Problem to solve:
Could you retype exactly the lines below between the one holding "When Mrs. White" and the one holding "À¯´ÏÄÜ CŸÀÔ 6in1", inclusive, leaving out any pictures?

Top of Study material

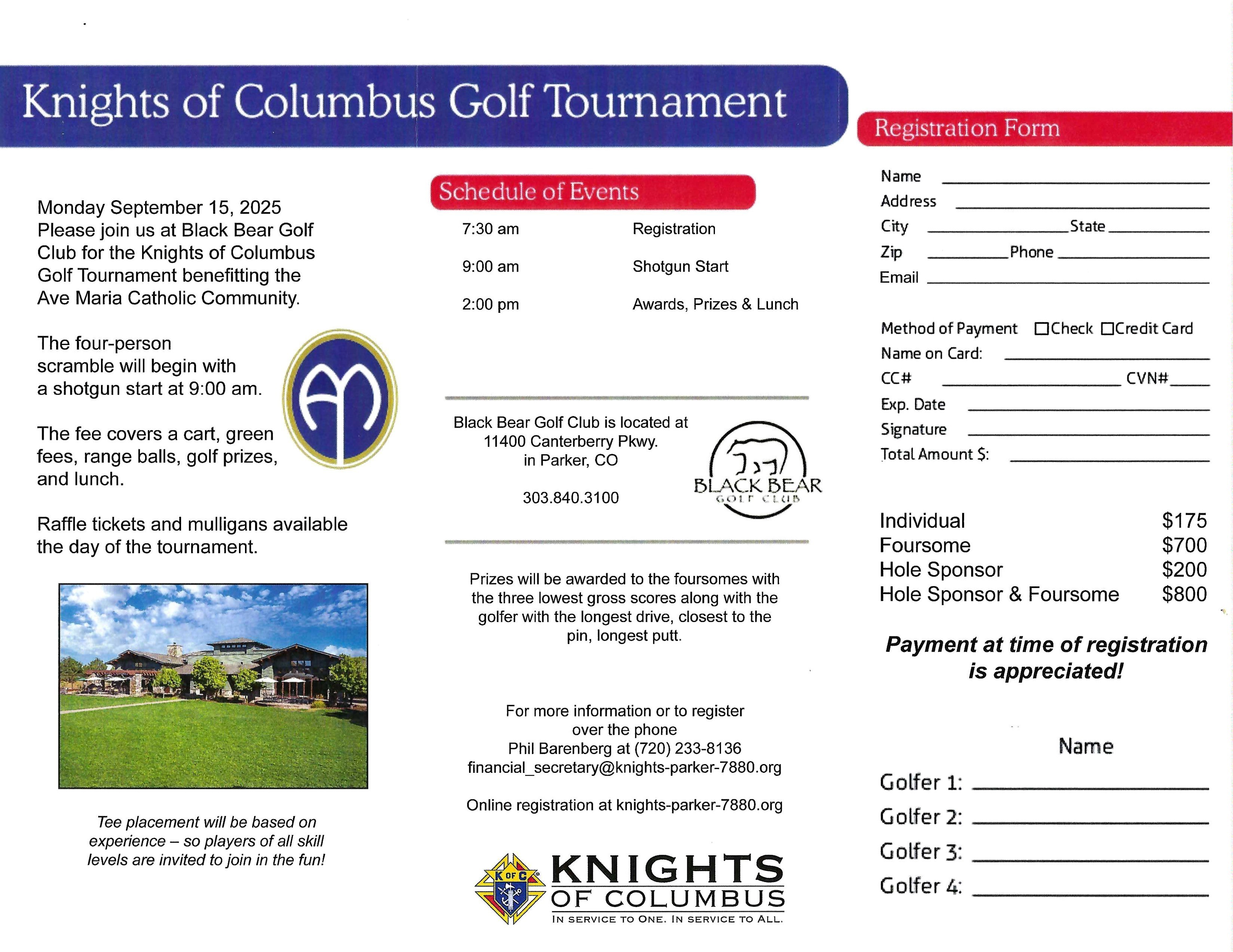 Welcome and thank you for registering with the Knights of Columbus 7880 Annual Golfing Event.
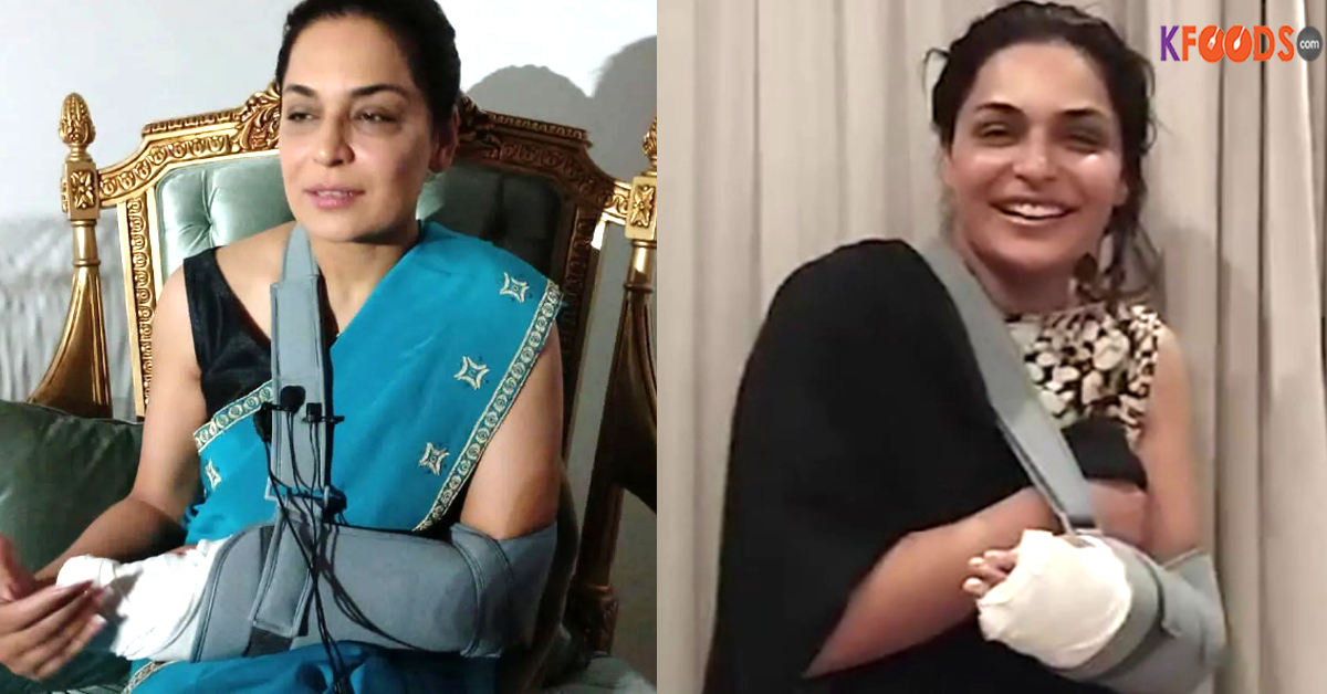 یہ کہنا پاکستان کی نامور اداکارہ میرا کا جنھیں ایک وائرل کلپ میں بازو پر پٹی باندھے دیکھا جاسکتا ہے. زخمی ہونے کے باوجود میرا حوصلے سے مسکرا رہی ہیں. دیکھیں
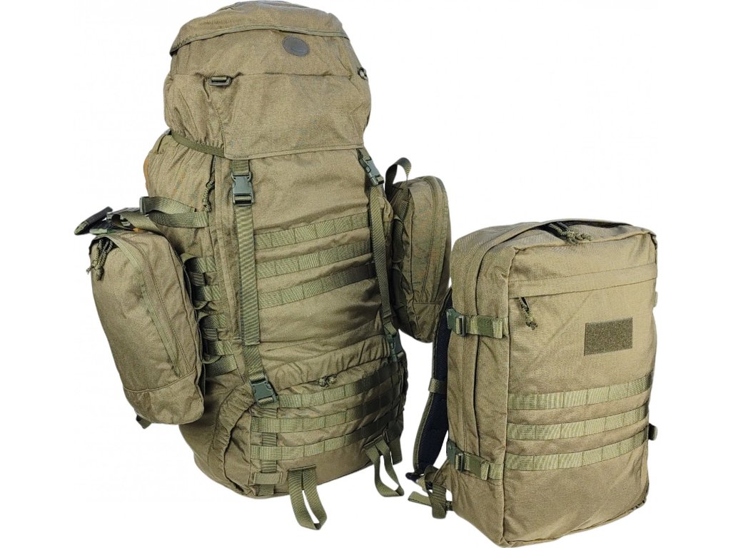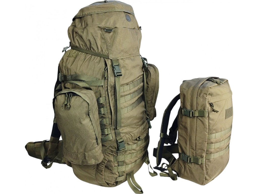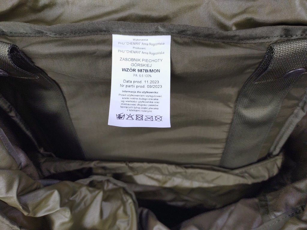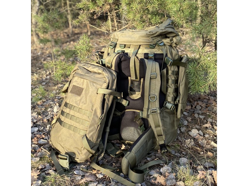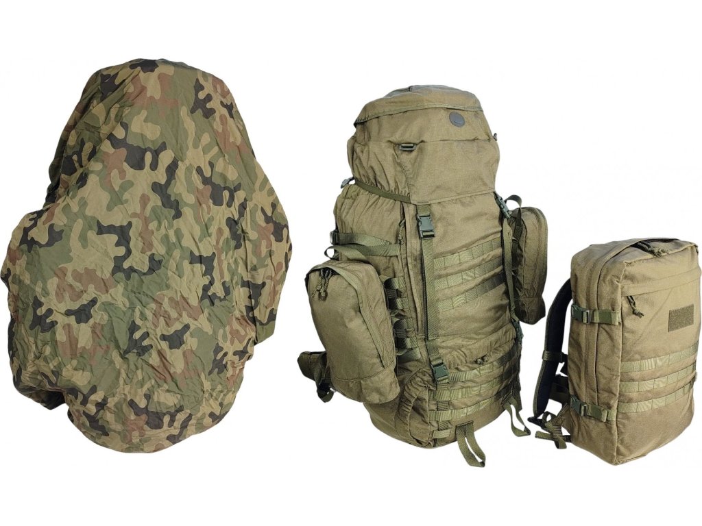 Extra kvalitní batoh polské horské pěchoty známý pod oficiálním názvem "ZASOBNIK PIECHOTY GÓRSKIEJ 987B/MON", z odolného nylonu jednobarevného, světle zelené odstínu khaki. Jde o kompletní soupravu jednotlivce, obsahující hlavní velkokapacitní batoh včetně 2 odepínatelných kapes MOLLE, jednodenní malý batoh, kamuflážní nepromokavý obal v lesním potisku Wz.93 Panhera (určený pro velký batoh nebo pro velký a malý batoh spojený dohromady) .
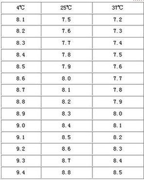 緩沖液的PH值隨溫度變化而變化。下表列出了50 mM Tris-HC 溶液在4 ℃,25 ℃,37 ℃時,不同的PH值。
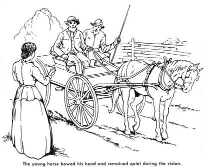 When Mrs. White sat down, the vision was over. Then the colt started without even a word from Elder White. Now he was as hard to manage as ever. Elder White had to hold the lines tight.
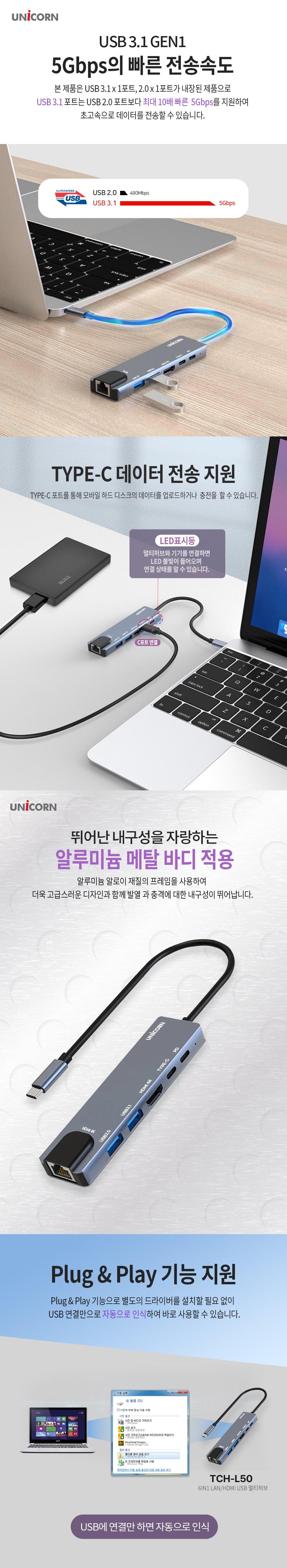 À¯´ÏÄÜ CŸÀÔ 6in1 ¸ÖƼ Çãºê PD 87W LAN/HDMI TCH-L50
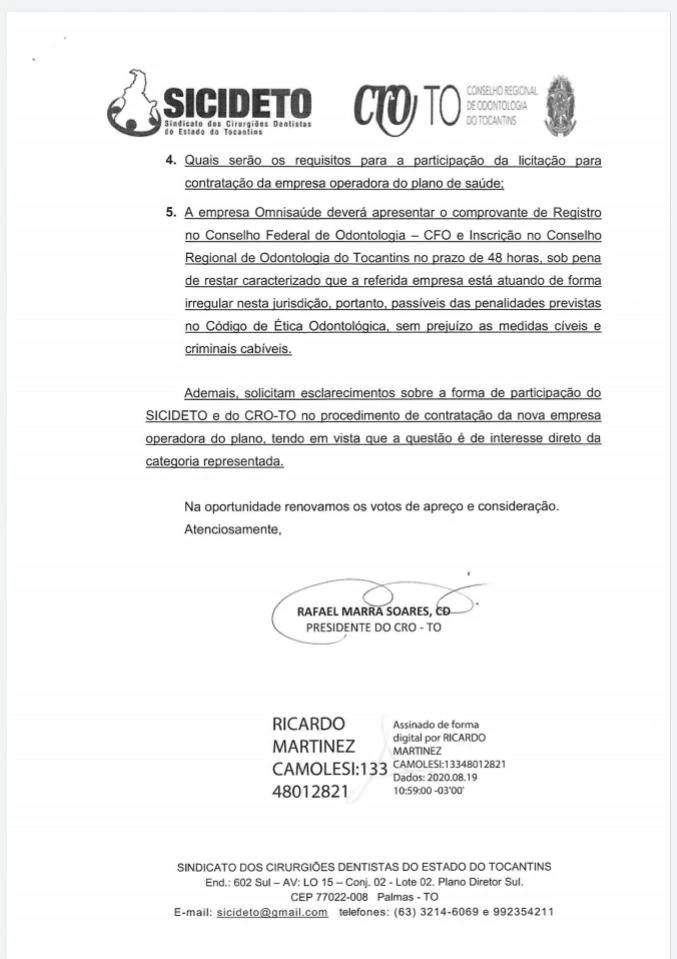 O Departamento Jurídico do SICIDETO com a resposta em mãos fará uma análise detalhada e providências serão tomadas, lembrando a todas e todas que o Sindicato representa junto ao Estado do Tocantins todos os CIRURGIÕES-DENTISTAS nesta negociação, as medidas cabíveis ao Conselho Regional de Odontologia do Tocantins / CRO-TO, serão encaminhadas para que tudo ocorra dentro da legislação vigente, "não existe Empresa prestar serviços odontológicos sem estar inscrita no CRO-TO, daremos muito atenção a este item, com certeza " completou o presidente Camolesi.

Bottom of Study material

Written solution:
 When Mrs. White sat down, the vision was over. Then the colt started without even a word from Elder White. Now he was as hard to manage as ever. Elder White had to hold the lines tight.
 À¯´ÏÄÜ CŸÀÔ 6in1 ¸ÖƼ Çãºê PD 87W LAN/HDMI TCH-L50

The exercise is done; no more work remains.